# Source information:
* * * *

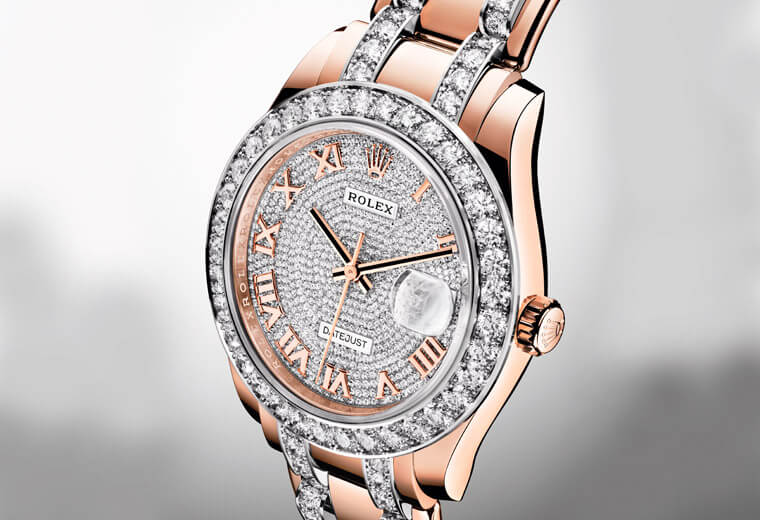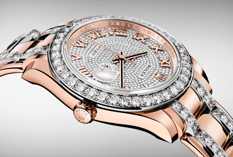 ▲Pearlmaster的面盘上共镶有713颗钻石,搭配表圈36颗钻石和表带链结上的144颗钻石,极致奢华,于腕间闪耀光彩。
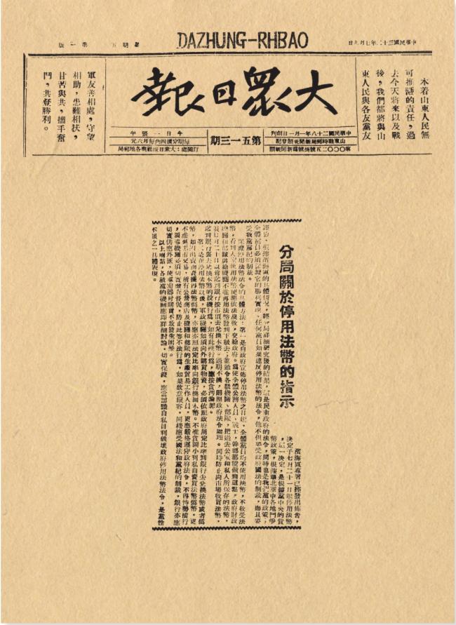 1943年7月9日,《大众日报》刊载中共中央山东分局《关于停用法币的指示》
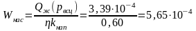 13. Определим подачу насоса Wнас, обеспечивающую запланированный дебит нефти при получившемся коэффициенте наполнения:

* * * *

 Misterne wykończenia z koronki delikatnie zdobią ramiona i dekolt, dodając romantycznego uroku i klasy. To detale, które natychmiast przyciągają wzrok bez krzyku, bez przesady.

* * * *

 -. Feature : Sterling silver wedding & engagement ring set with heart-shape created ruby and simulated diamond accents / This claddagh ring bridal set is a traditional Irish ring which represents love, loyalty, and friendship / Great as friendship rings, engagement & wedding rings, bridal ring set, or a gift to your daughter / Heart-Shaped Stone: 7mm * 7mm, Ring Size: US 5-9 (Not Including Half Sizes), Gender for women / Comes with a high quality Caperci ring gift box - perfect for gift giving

* * * *

# Work to be completed:
Look back at the data above, then output exactly the lines from the line holding "1943年7月9日,《大众日报》刊载中共中央山东分局《关于停用法币的指示》" up to and including the line holding "13. Определим подачу". Leave out the pictures.

# Problem solution:
 1943年7月9日,《大众日报》刊载中共中央山东分局《关于停用法币的指示》
 13. Определим подачу насоса Wнас, обеспечивающую запланированный дебит нефти при получившемся коэффициенте наполнения:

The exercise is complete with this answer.